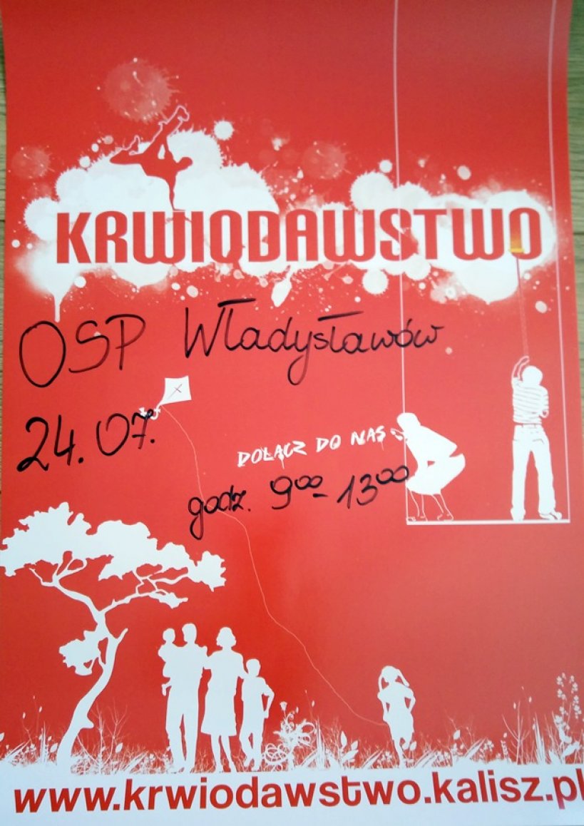 Ochotnicza Straż Pożarna przy współpracy z Regionalnym Centrum Krwiodawstwa i Krwiolecznictwa w Kaliszu organizuje przyjazd Mobilnego Punktu Poboru Krwi do Władysławowa. Wyznaczony termin przyjazdu to niedziela 24 lipca.
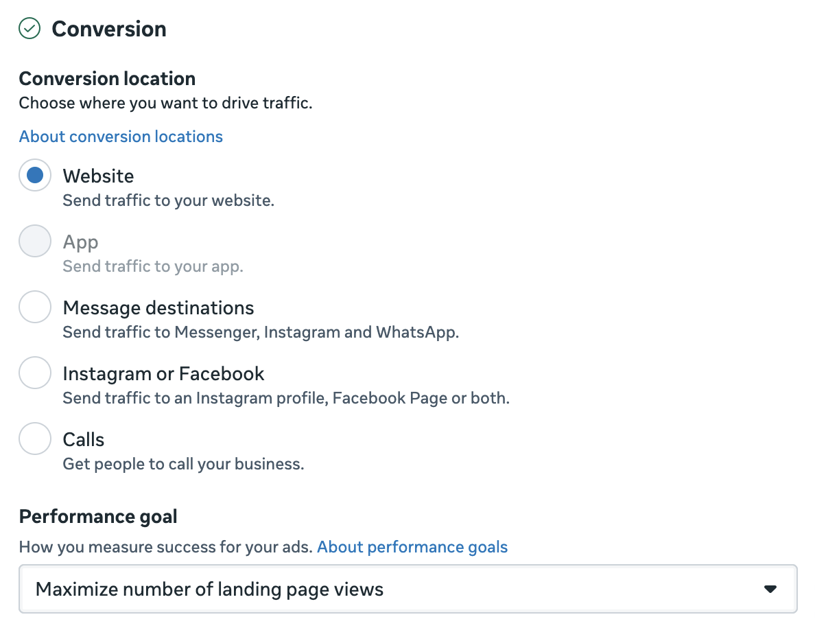 I decided to create an ad campaign for a gardening company that sells beginner growing kits to help newbies take care of their plants. This ad was going to be a pre-spring sale where the kit would be 10% off. Once I had my product and business in mind, I started defining my campaign objectives. I knew one goal would be to drive brand awareness through the ad, but I also wanted to focus on conversions. In this case, I chose conversions like measuring how many people come to the landing page and how many final sales I get. Because I envisioned making a special landing page for this sale, this type of click and revenue would be easy to track. To do this, I can chose to send traffic to my website under the conversion tab.
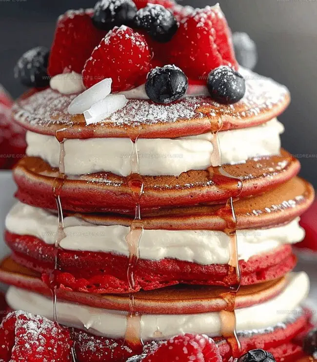 Red Velvet Pancakes With Cream Cheese Frosting invite breakfast lovers into a world of indulgent Southern charm. Rich cocoa-infused batter creates crimson stacks topped with luxurious cream cheese glaze, promising a delightful morning experience you’ll savor with pure culinary pleasure.
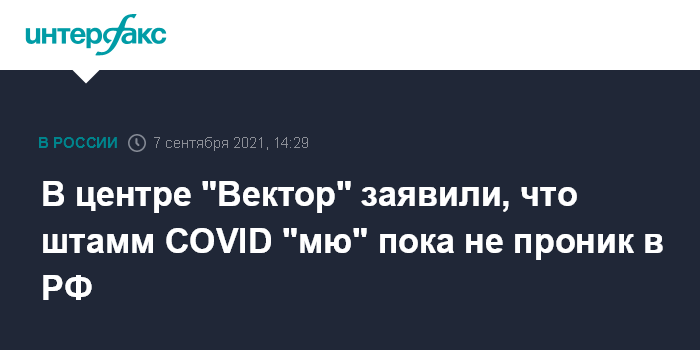 Москва. 7 сентября. INTERFAX.RU - В Российской Федерации не зарегистрировано случаев заражения вариантом COVID-19 "мю", также нет предпосылок для вытеснения им штамма "дельта", сообщили "Интерфаксу" во вторник в центре "Вектор" Роспотребнадзора.
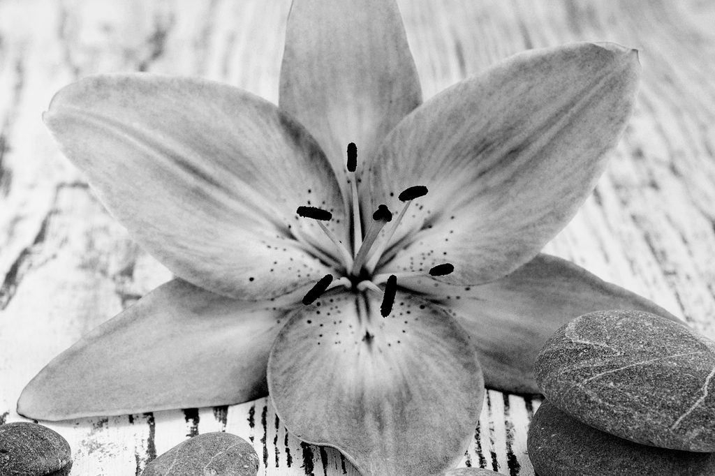 Obraz wellness kamene po daždi v čiernobielom prevedení
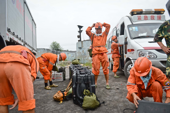 礦山救護(hù)隊(duì)隊(duì)員在進(jìn)行下井救援前的準(zhǔn)備工作(8月19日攝)! ⌒氯A社記者
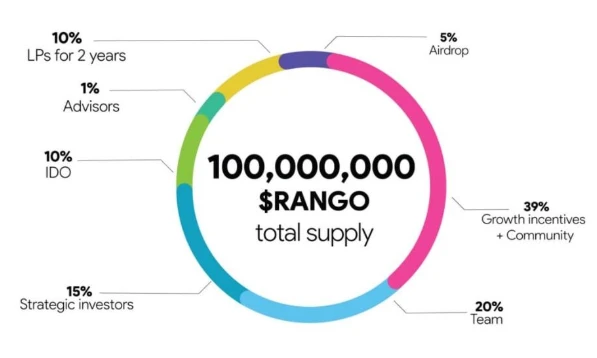 Rango的代币经济模型围绕$RANGO设计,旨在平衡生态激励与价值捕获。该代币总供应量为1亿枚,其中39%分配给社区基金和增长激励,10%用于流动性提供者奖励。团队和私募投资者分别持有20%和15%,均设置一年锁定期逐步释放。
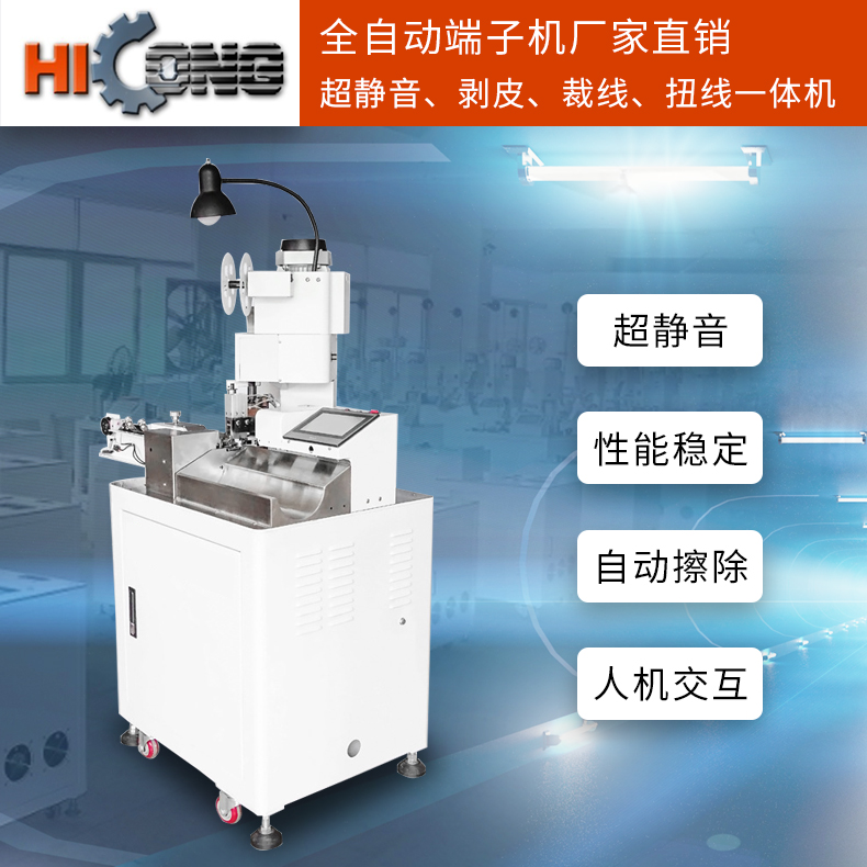 全自动端子压着机,采用高科技变频技术,电子精准定位,压着时焊接机工作噪音比传统端子机更小,且省电,变速更方便快捷,避免了传统端子离合器、线头压着机
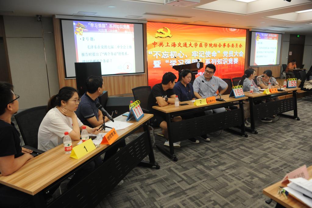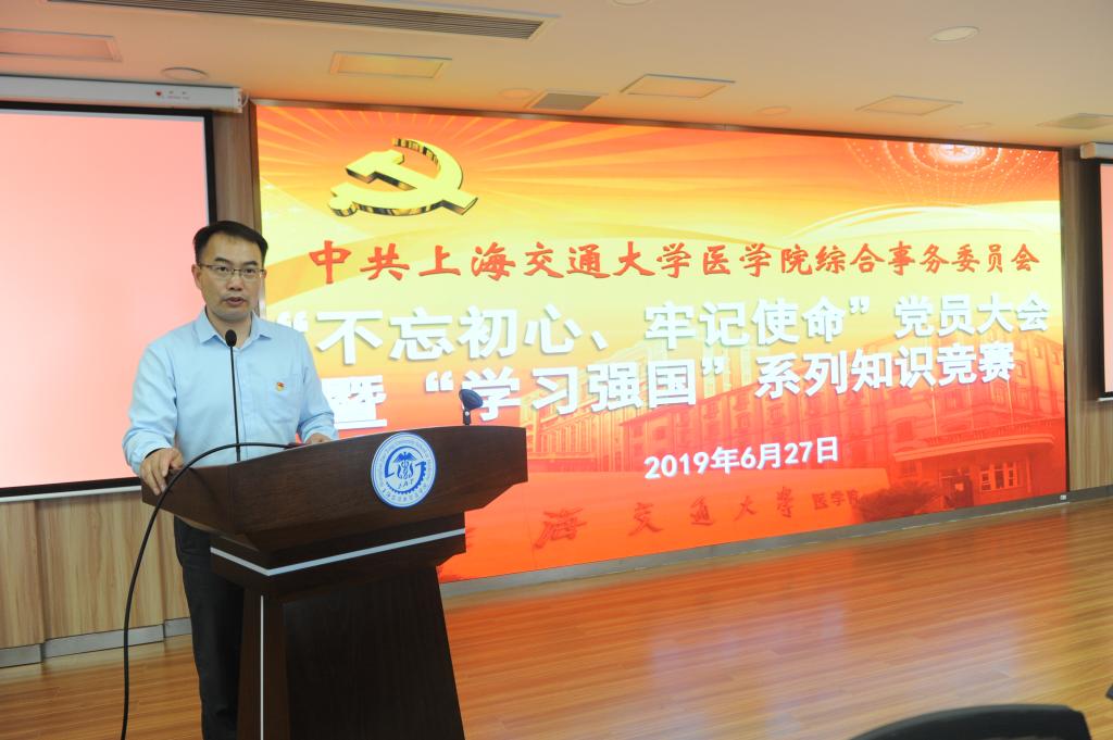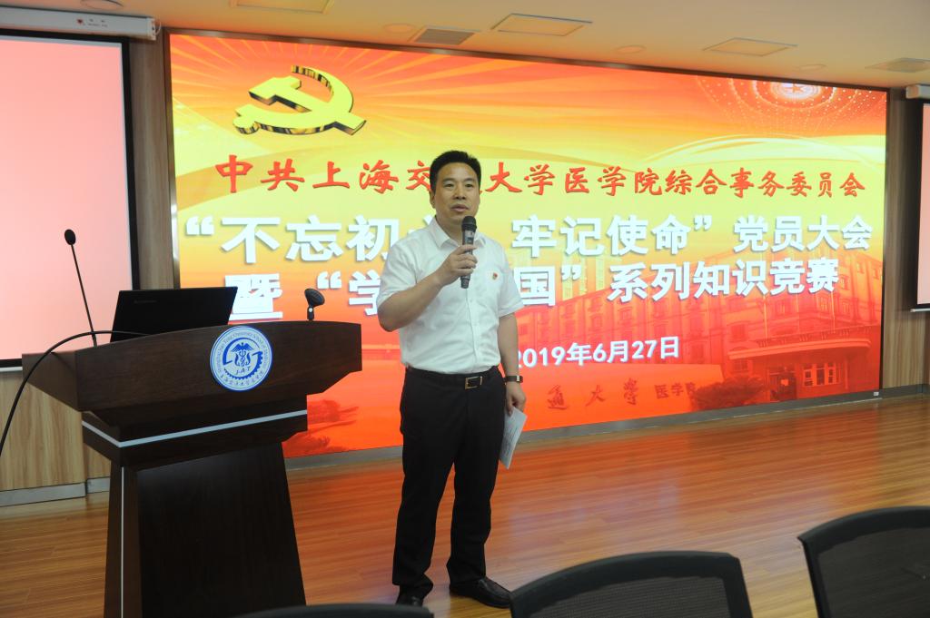 为贯彻落实中央“不忘初心、牢记使命”主题教育工作会议精神,引导广大党员进一步坚定理想信念,以真抓实干推动各方面工作开展,在中国共产党建党98周年之际,综合事务党委于6月27日在304am永利集团官网东9号楼三楼会场隆重举行“不忘初心、牢记使命”党员大会暨“学习强国”系列知识竞赛活动。304am永利集团官网机关党委书记李丽、公共卫生学院党委书记黄荣、党委组织部副部长朱孟琴、党校副校长叶福林、党委宣传部副部长张晓晶受邀作为竞赛嘉宾及专家评委。综合事务党委书记仇晓春、副书记王福胜、马亮出席了大会。会议由综合事务党委副书记王福胜主持。
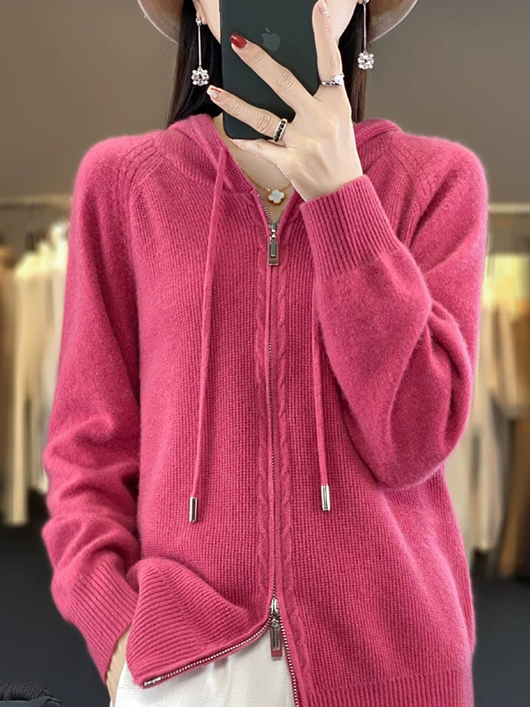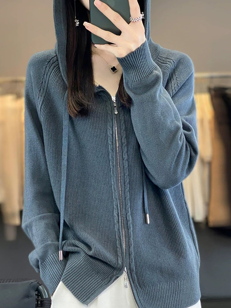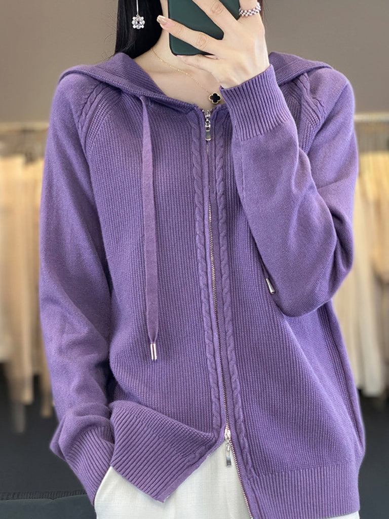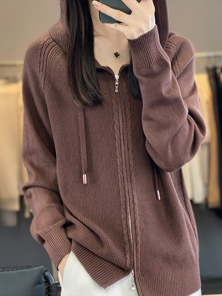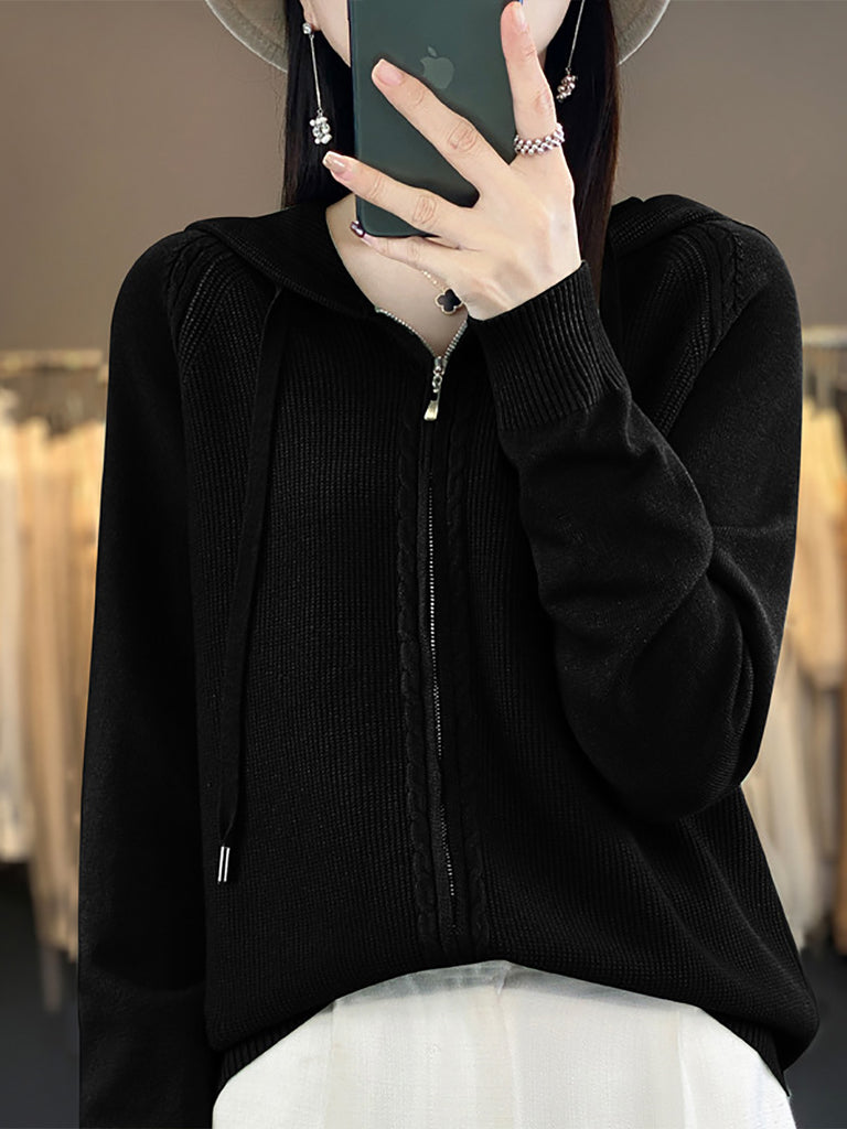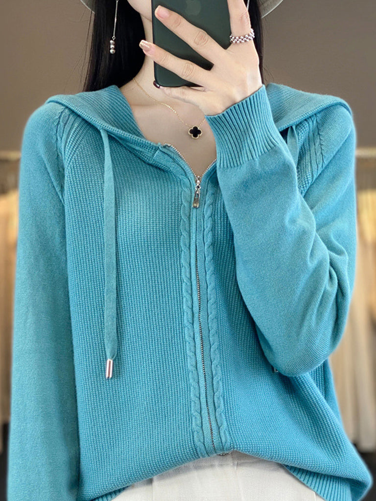 סוודר קפוצ'ון בצבע טהור מזדמן לנשים בסתיו

====

▶ _Required work_
Exact lines only, please. Repeat everything from the top of the records through the line containing "I decided to", both ends in and pictures out.

▶ _Response_
 Ochotnicza Straż Pożarna przy współpracy z Regionalnym Centrum Krwiodawstwa i Krwiolecznictwa w Kaliszu organizuje przyjazd Mobilnego Punktu Poboru Krwi do Władysławowa. Wyznaczony termin przyjazdu to niedziela 24 lipca.
 I decided to create an ad campaign for a gardening company that sells beginner growing kits to help newbies take care of their plants. This ad was going to be a pre-spring sale where the kit would be 10% off. Once I had my product and business in mind, I started defining my campaign objectives. I knew one goal would be to drive brand awareness through the ad, but I also wanted to focus on conversions. In this case, I chose conversions like measuring how many people come to the landing page and how many final sales I get. Because I envisioned making a special landing page for this sale, this type of click and revenue would be easy to track. To do this, I can chose to send traffic to my website under the conversion tab.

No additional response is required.